Rabu , 06 Desember 2017, 02:17 WIB

Wanita dengan Uterus Transplantasi Berhasil Lahirkan Anak

Rep: Christiyaningsih/ Red: Dwi Murdaningsih
Ibu melahirkan
Ibu melahirkan

REPUBLIKA.CO.ID,JAKARTA -- Bagi kaum wanita yang ingin menjadi seorang ibu, tidak adanya uterus dalam tubuh adalah mimpi buruk. Ketiadaan uterus berarti keinginan untuk hamil adalah hal yang mustahil. Walau demikian para dokter di Swedia mematahkan fakta tersebut.

Pada 2014, sejumlah dokter di Swedia berhasil melakukan transplantasi uterus pada seorang wanita hingga ia melahirkan bayi seberat 1,77 kilogram. Kini terobosan tersebut diikuti para dokter dari Baylor University. Mereka sukses mentransplantasi uterus pada pasien wanita yang terlahir tanpa uterus di Amerika Serikat.
 
Keberhasilan prosedur transplantasi uterus bisa direplikasi untuk menolong mereka yang ingin memiliki momongan.

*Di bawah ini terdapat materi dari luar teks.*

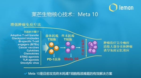 基于此,莱芒生物已经开发了两款代表性候选药物,包括能提升免疫细胞治疗、免疫检验点抑制剂、免疫激动剂等多种免疫疗法的生物大分子药物,以及面向实体瘤的、可逆转免疫细胞耗竭并诱导其干性免疫记忆的新型代谢增强型肿瘤免疫疗法。据悉,该疗法通过增强肿瘤特异性终末耗竭T细胞的氧化磷酸化代谢实现再次激活终末耗竭T细胞,可显著提高多种肿瘤免疫疗法的响应率和疗效。

Dikutip dari laman Science Alert, uterus didonorkan oleh wanita yang bukan merupakan anggota keluarga resipien (penerima donor). Hingga sekarang identitas penerima donor masih dirahasiakan oleh dokter.
 
Namun Tech Times menyebut sang pendonor adalah seorang perawat dari Dallas bernama Taylor Siler. Siler adalah ibu dari dua orang anak. Dengan menjadi donor uterus, ia ingin memberi kesempatan kepada kaum hawa yang ingin menikmati indahnya menjadi ibu.
 
Prosedur tranplantasi uterus bisa dibilang unik. Organ tambahan ini tidak selamanya bersemayam di tubuh penerima donor. Setelah penerimanya hamil dan melahirkan anak, uterus tersebut harus diambil kembali lewat jalan operasi.

Dokter di Baylor University akan mengujicobakan transplantasi uterus kepada 10 wanita. Saat ini sudah ada delapan orang yang menjalani proses transplantasi. Satu orang dinyatakan hamil sedangkan dua lainnya sedang berupaya agar hamil. Empat penerima donor uterus dinyatakan gagal dan organ yang telah dipasang harus diambil kembali.